前回は「マインドフルネス」を理解するため考察をしました。

「マインドフルネスの概念」を理解することの難儀さから始めた前回の考察。

そして3つのポイントに絞って考察していった先に見えてきたもの。

それは「マインドフルネス」は能力開発のための方法論であったということ。

ビジネスパーソンにとっては活用さえ間違えなければ有益なソリューションになるでしょう。

それはそれで結構。

ですが合わせて考えておきたい「リスク」について、客観的に指摘している情報をなかなか見かけない。

なぜか?

今回は前回でなんとなく見えてきた「マインドフルネス」の実体をもとにその「本質」と「リスク」を考えてみます。

=目次= 

 

 

1.マインドフルネスが行う瞑想とは

私たち日本人にとって仏道修行、坐禅、瞑想といった文化的資産は至極自然のうちに存在しています。

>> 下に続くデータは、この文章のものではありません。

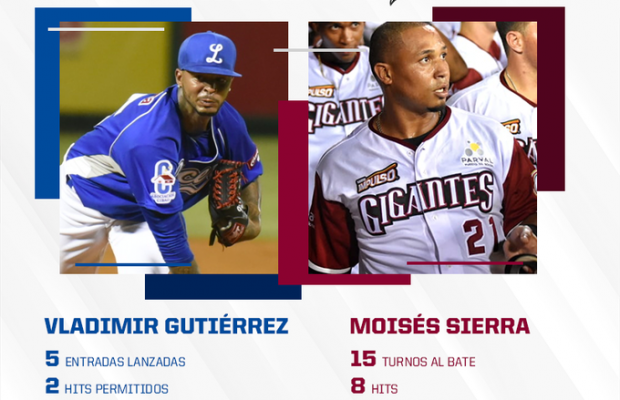 Santo Domingo.-El jardinero, Moisés Sierra, de los Gigantes de Cibao, y Vladimir Gutiérrez, de los Tigres del Licey, fueron electos como los ganadores del premio Pelotero Estrella de la Semana de la Liga de Béisbol Profesional de República Dominicana (Lidom) .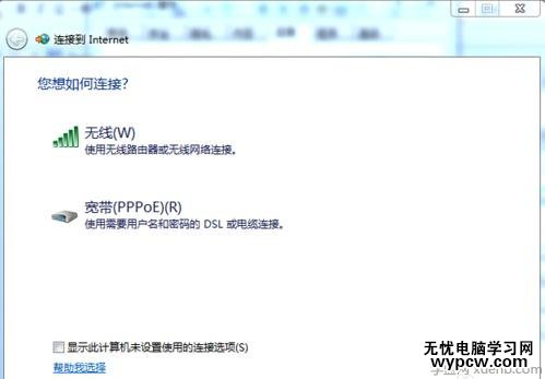 選擇其中的寬帶鏈接(筆記本用戶可根據(jù)具體情況選擇寬帶或無線兩種方式)

恐らく、誰一人として大きな違和感を感じることはないでしょう。

たとえあなたが「無宗教」主義を主張したとしても、それはそれとしてこれらの文化的資産に違和感はないはずです。

 

ところが、欧米の人達にとって東洋文化(仏教、禅、修行など)はカルチャーギャップを感じるはず。

 

特に坐禅については不可思議極まりないに違いない。

なにゆえに座して瞑想するのか?

それによって何を得ることが出来るのか?

そう考えるでしょう。

 

実はこう考えること自体が既に『坐禅』から逸脱しています。

坐禅』は(諸説主張はありますが)そこに坐すことそのものであり、何かを求めるために行うものではないということです。

ただ、坐して瞑想する。

雑念はひたすら受け流す。

自らに集中して、ひたすら坐して瞑想する。

 

欧米の方々には、合理性や生産性を感じられないがゆえに、理解に苦しむでしょう。

一方では東洋文化の神秘性になにか憧れのようなものを感じるようで、日本にやってきては、実際に坐禅をやってみる。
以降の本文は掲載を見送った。